[WHAT IS BEING ASKED]
All of the data should be copied exactly, with the pictures left out.

(Records from a data collection)
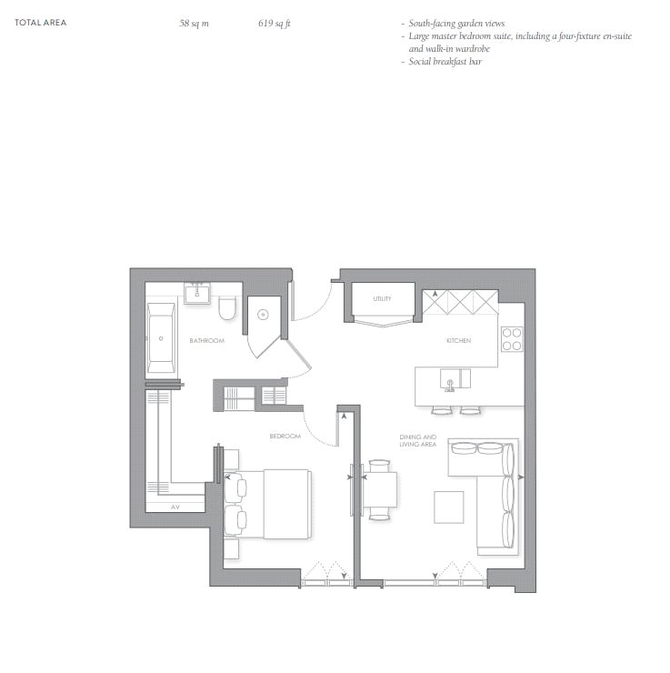 Stunning Development | Huge One Bedroom | 619 sq ft (57.5 Sq M) | Seventh Floor | 17,000 sq ft of Amenity Space | 24 hour Security and Concierge | Vitality Pool | Ice and Mist showers | Sauna & Steam Room | Gymnasium | Club Room, Library & Snooker Room | 6,000 sq ft of Private Landscaped Gardens | 24 Person Private Cinema | Private Training and Treatment Rooms
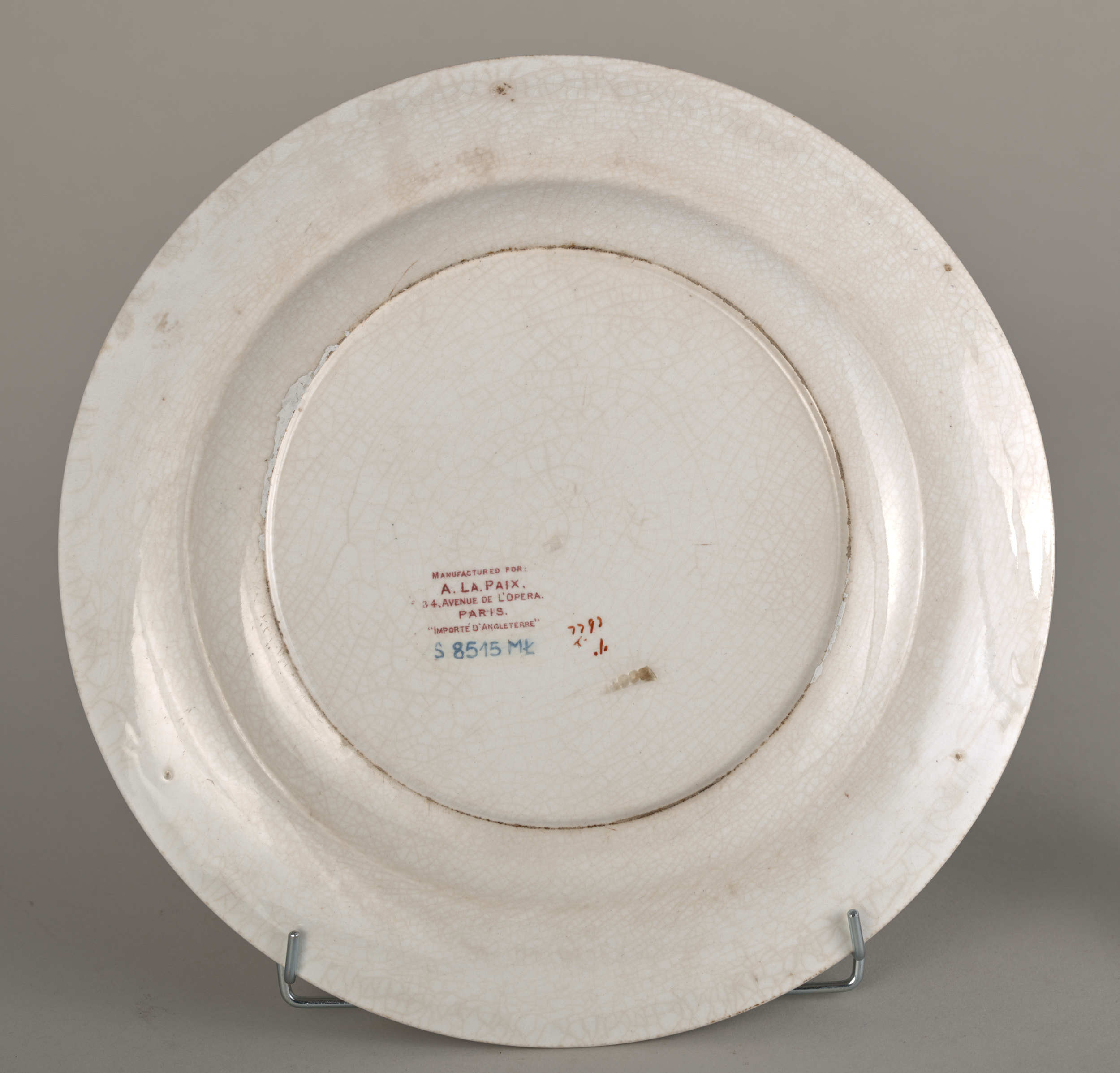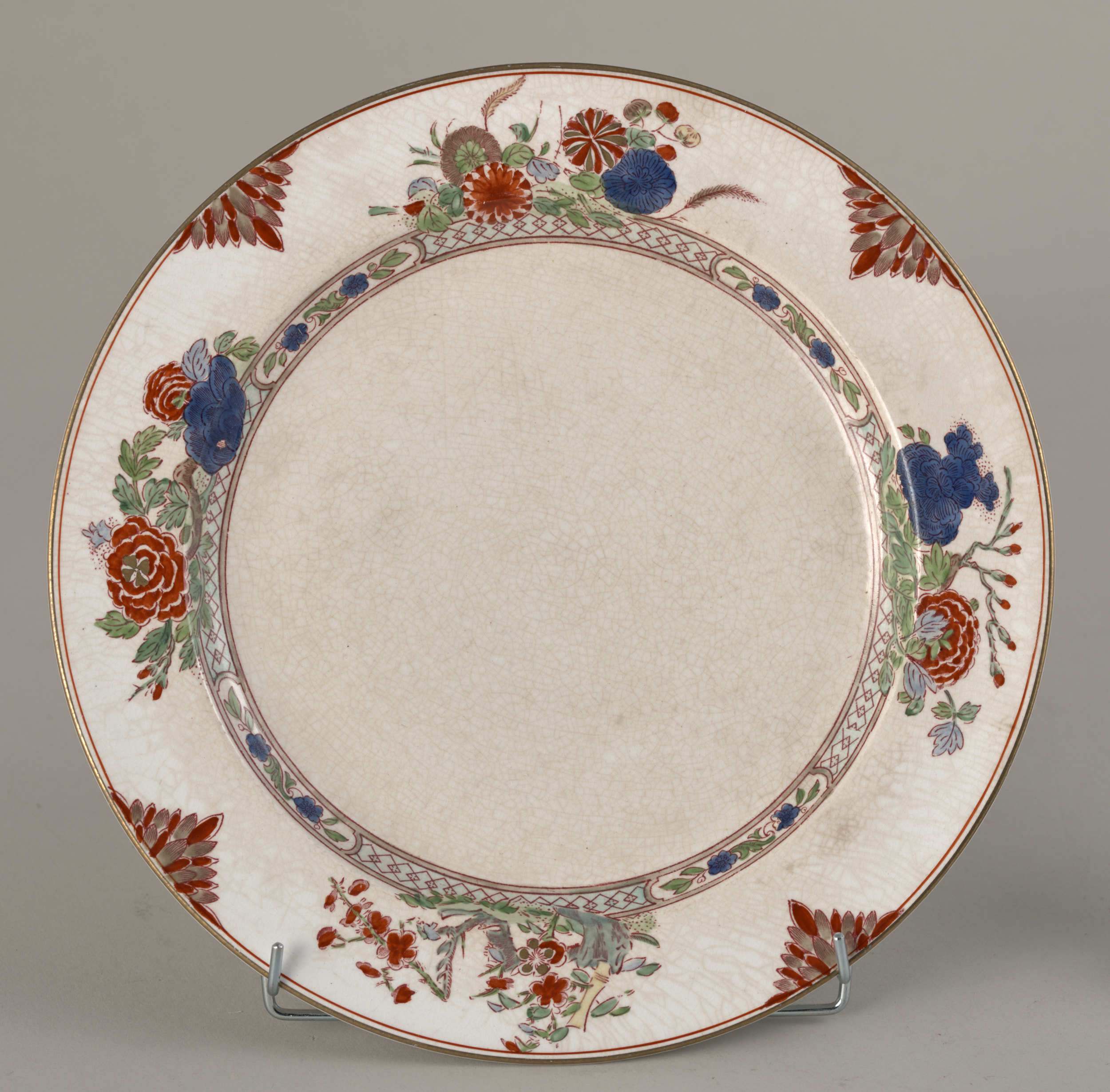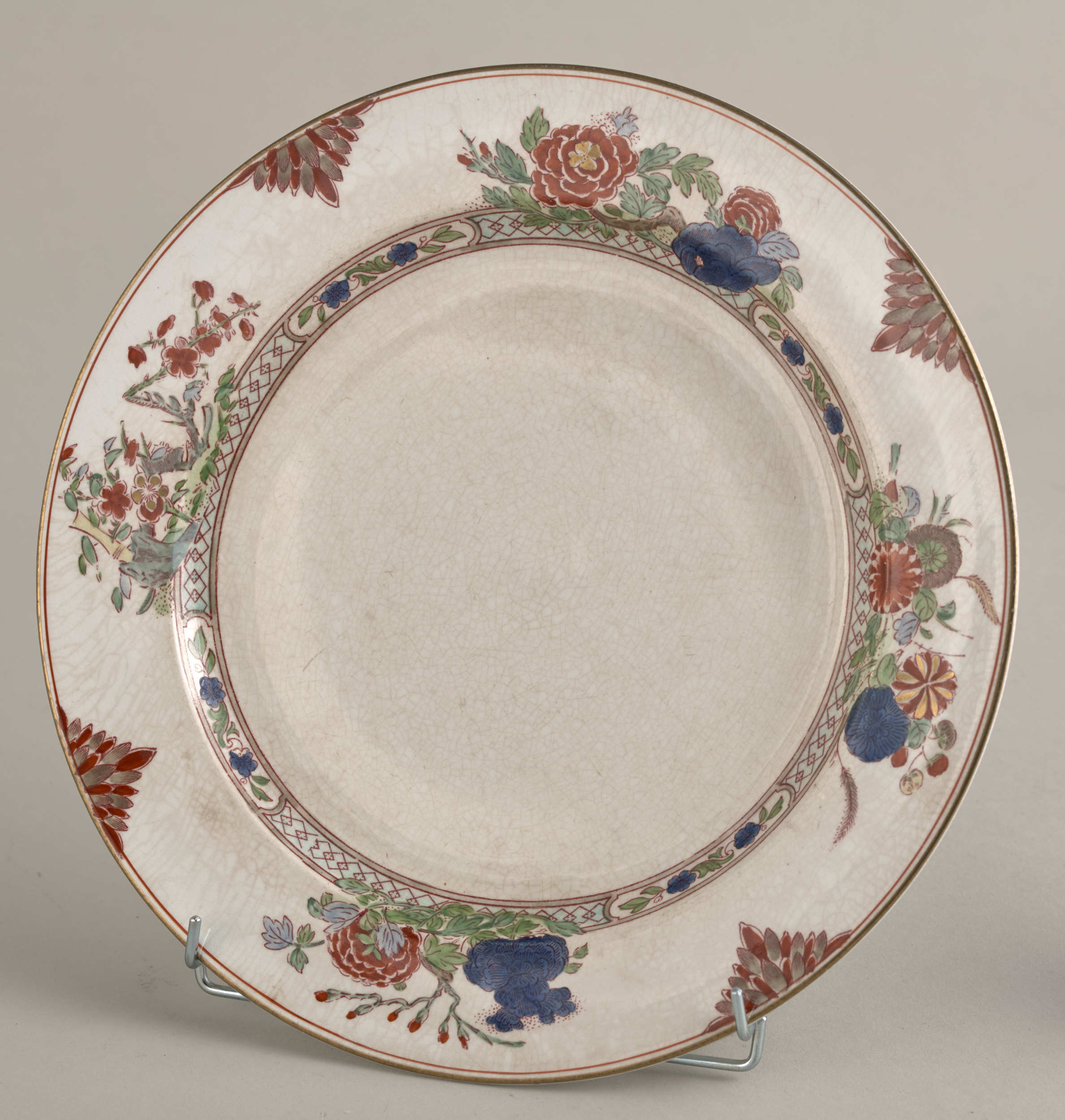 Talerz płytki z dekoracją chinizującą. Talerz płytki, fajansowy o lekko kremowym odcieniu, pokryty siatką ozdobnych spękań szkliwa, zdobiony dekoracją malarską w typie dalekowschodnim o motywach roślinno – geometrycznych, a skoncentrowaną w partii kołnierza. Szczegółowy rysunek wzoru dekoracji naniesiony drukiem w kolorze purpurowym, następnie już na szkliwie- ręcznie podmalowany farbami w kilku kolorach: rdzawa czerwień, ciemnoniebieski, zielony, piaskowo-beżowy. Natomiast w mniejszości użyto farb w kolorach: jasnoniebieskim, stalowozielonym, seledynowym i żółtym. Na dekorację tę składa się pas ornamentu geometrycznego z motywem rombów, biegnący tuż pod krawędzią wrębu, następnie cztery duże kompozycje kwiatowo-roślinne, a jedno z nich z motywem połamanego krzewu, rozmieszczone na kołnierzu, blisko pasa ornamentu. Kompozycje te rozdzielone są liściastymi półrozetami. Złoto znajduje się jedynie w pasku lamującym brzeg kołnierza i drobnych elementach trzech kwiatów w dużych kompozycjach. Odwrocie talerza pokryte jest pod szkliwem szarymi plamkami. Widoczne oznakowania: w centralnym punkcie litera „B”, sygnatura fabryki „BOOTHS” – obydwa znaki stemplowane w masie i duża pieczęć drukowana podszkliwnie w kolorze bordowym: „MANUFACTURED FOR:/A.LA.PAIX,/34.AVENUE DE L’OPERA, /PARIS./IMPORTE D’ANGLETERRE”. Pod nią napis z aktualnym nr inwen. Anglia, Hanley, XIX w.
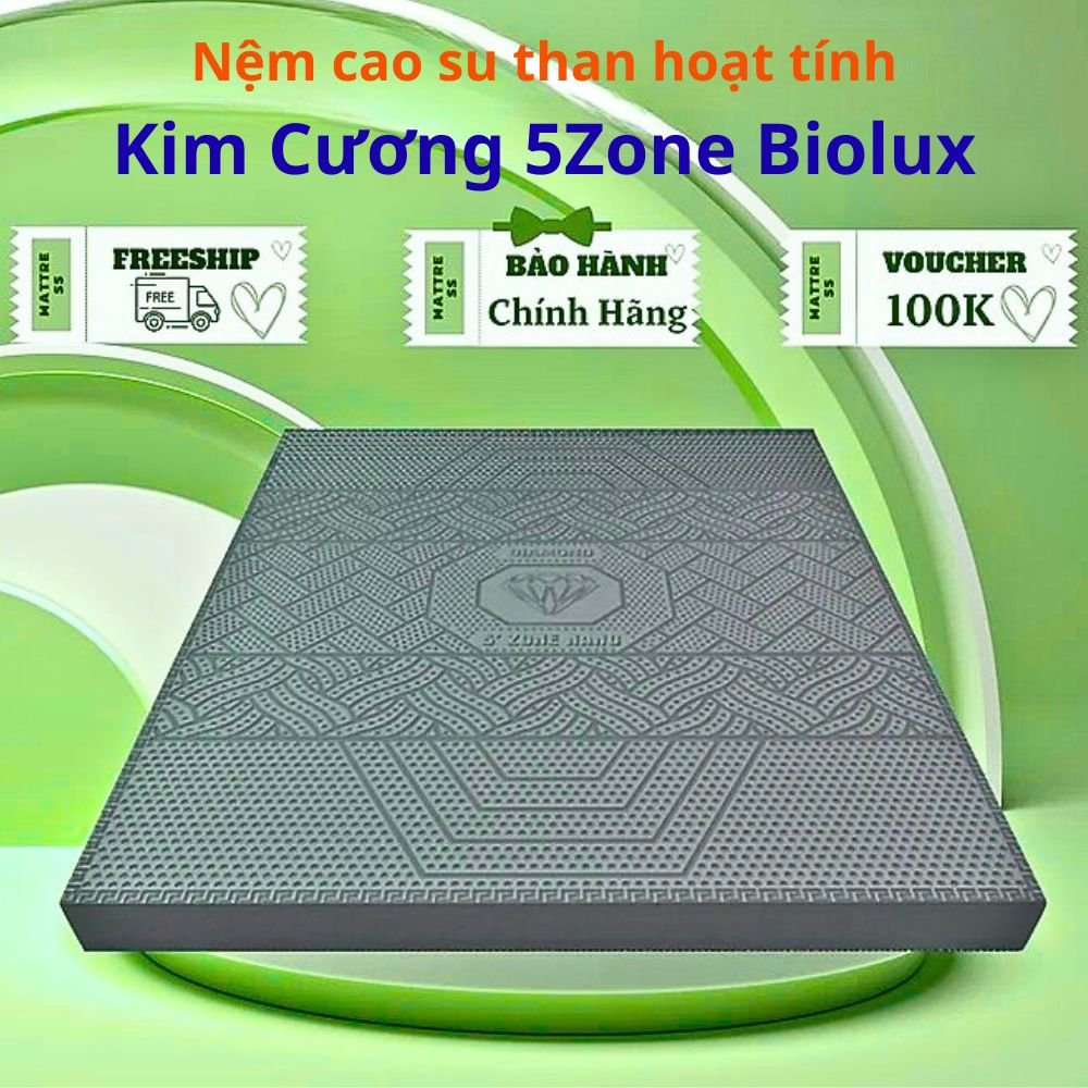 - Nệm cao su than hoạt tính Kim Cương 5Zone Biolux là lựa chọn lý tưởng cho những ai đang tìm kiếm một chiếc nệm êm ái , chắc lưng ,an toàn sức khỏe ,bền bỉ theo thời gian. Đầu tư đúng cho giấc ngủ hôm nay chính là bảo vệ sức khỏe lâu dài cho cả gia đình.
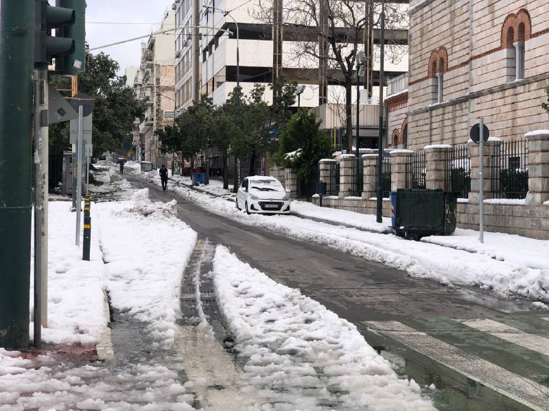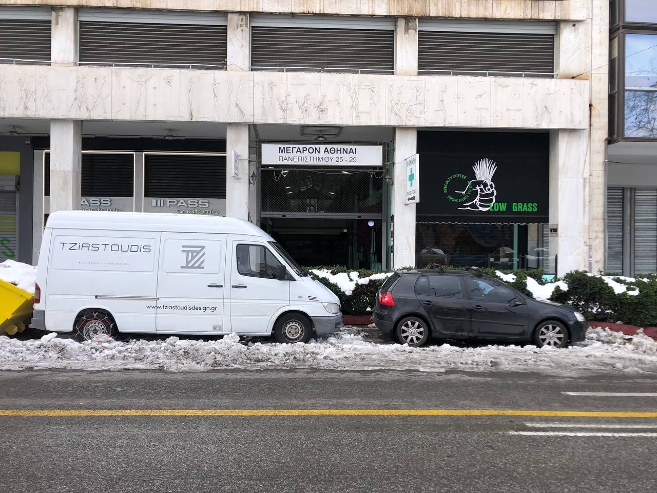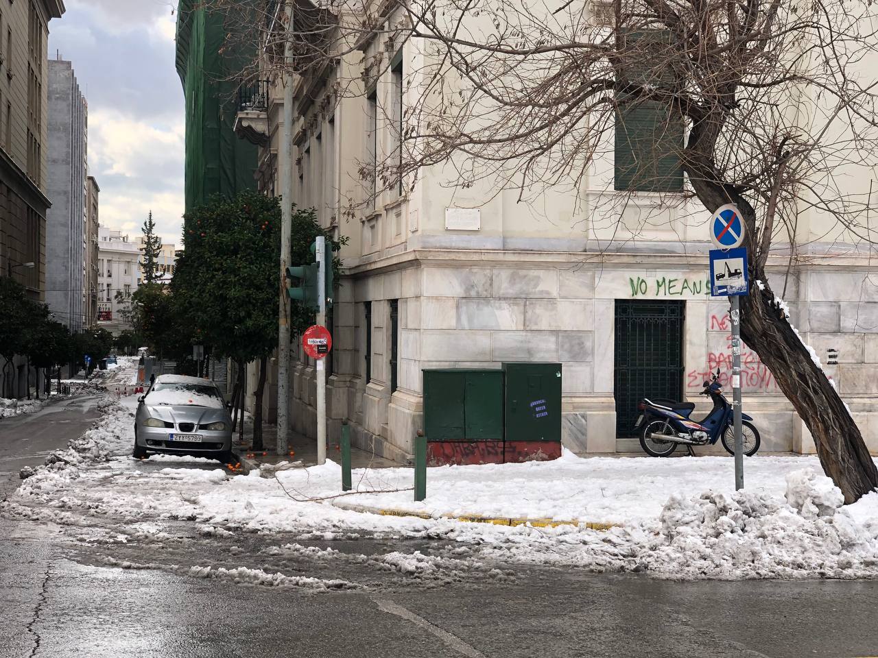 Αρκετά είναι τα παρατημένα οχήματα που υπάρχουν σε διάφορα σημεία του κέντρου. Προφανώς, οι ιδιοκτήτες τους φοβήθηκαν να φύγουν με τις δύσκολες συνθήκες που επικρατούσαν χθες και θα γυρίσουν να τα πάρουν μόλις η οδήγηση καταστεί πιο εύκολη.
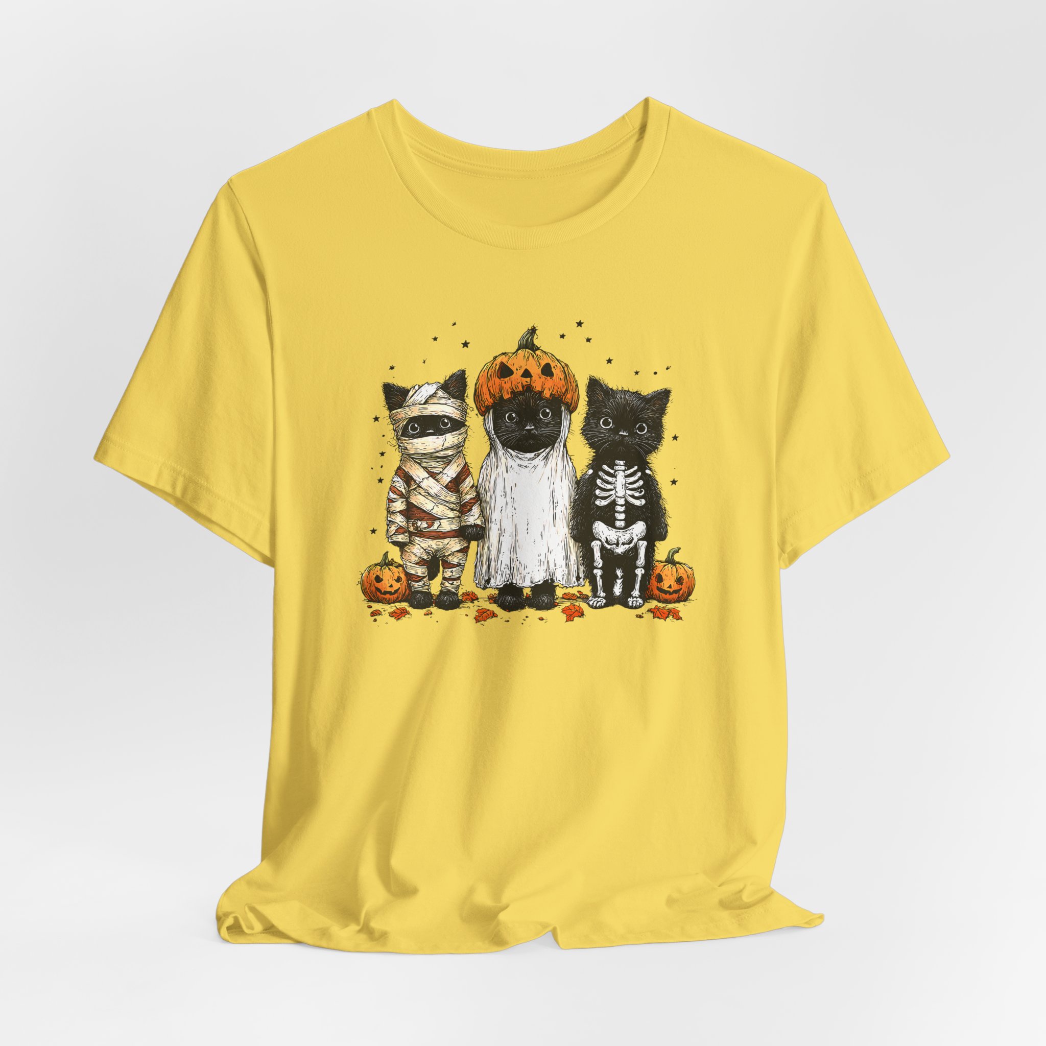 Camiseta de algodón con estampado original de tres gatos disfrazados de momia, fantasma y esqueleto para Halloween. Perfecta para fiestas temáticas, amantes de los gatos y looks divertidos. Prenda cómoda, suave y con diseño exclusivo que destaca en celebraciones de otoño y noche de brujas.

[EXERCISE SOLUTION]
 Stunning Development | Huge One Bedroom | 619 sq ft (57.5 Sq M) | Seventh Floor | 17,000 sq ft of Amenity Space | 24 hour Security and Concierge | Vitality Pool | Ice and Mist showers | Sauna & Steam Room | Gymnasium | Club Room, Library & Snooker Room | 6,000 sq ft of Private Landscaped Gardens | 24 Person Private Cinema | Private Training and Treatment Rooms
 Talerz płytki z dekoracją chinizującą. Talerz płytki, fajansowy o lekko kremowym odcieniu, pokryty siatką ozdobnych spękań szkliwa, zdobiony dekoracją malarską w typie dalekowschodnim o motywach roślinno – geometrycznych, a skoncentrowaną w partii kołnierza. Szczegółowy rysunek wzoru dekoracji naniesiony drukiem w kolorze purpurowym, następnie już na szkliwie- ręcznie podmalowany farbami w kilku kolorach: rdzawa czerwień, ciemnoniebieski, zielony, piaskowo-beżowy. Natomiast w mniejszości użyto farb w kolorach: jasnoniebieskim, stalowozielonym, seledynowym i żółtym. Na dekorację tę składa się pas ornamentu geometrycznego z motywem rombów, biegnący tuż pod krawędzią wrębu, następnie cztery duże kompozycje kwiatowo-roślinne, a jedno z nich z motywem połamanego krzewu, rozmieszczone na kołnierzu, blisko pasa ornamentu. Kompozycje te rozdzielone są liściastymi półrozetami. Złoto znajduje się jedynie w pasku lamującym brzeg kołnierza i drobnych elementach trzech kwiatów w dużych kompozycjach. Odwrocie talerza pokryte jest pod szkliwem szarymi plamkami. Widoczne oznakowania: w centralnym punkcie litera „B”, sygnatura fabryki „BOOTHS” – obydwa znaki stemplowane w masie i duża pieczęć drukowana podszkliwnie w kolorze bordowym: „MANUFACTURED FOR:/A.LA.PAIX,/34.AVENUE DE L’OPERA, /PARIS./IMPORTE D’ANGLETERRE”. Pod nią napis z aktualnym nr inwen. Anglia, Hanley, XIX w.
 - Nệm cao su than hoạt tính Kim Cương 5Zone Biolux là lựa chọn lý tưởng cho những ai đang tìm kiếm một chiếc nệm êm ái , chắc lưng ,an toàn sức khỏe ,bền bỉ theo thời gian. Đầu tư đúng cho giấc ngủ hôm nay chính là bảo vệ sức khỏe lâu dài cho cả gia đình.
 Αρκετά είναι τα παρατημένα οχήματα που υπάρχουν σε διάφορα σημεία του κέντρου. Προφανώς, οι ιδιοκτήτες τους φοβήθηκαν να φύγουν με τις δύσκολες συνθήκες που επικρατούσαν χθες και θα γυρίσουν να τα πάρουν μόλις η οδήγηση καταστεί πιο εύκολη.
 Camiseta de algodón con estampado original de tres gatos disfrazados de momia, fantasma y esqueleto para Halloween. Perfecta para fiestas temáticas, amantes de los gatos y looks divertidos. Prenda cómoda, suave y con diseño exclusivo que destaca en celebraciones de otoño y noche de brujas.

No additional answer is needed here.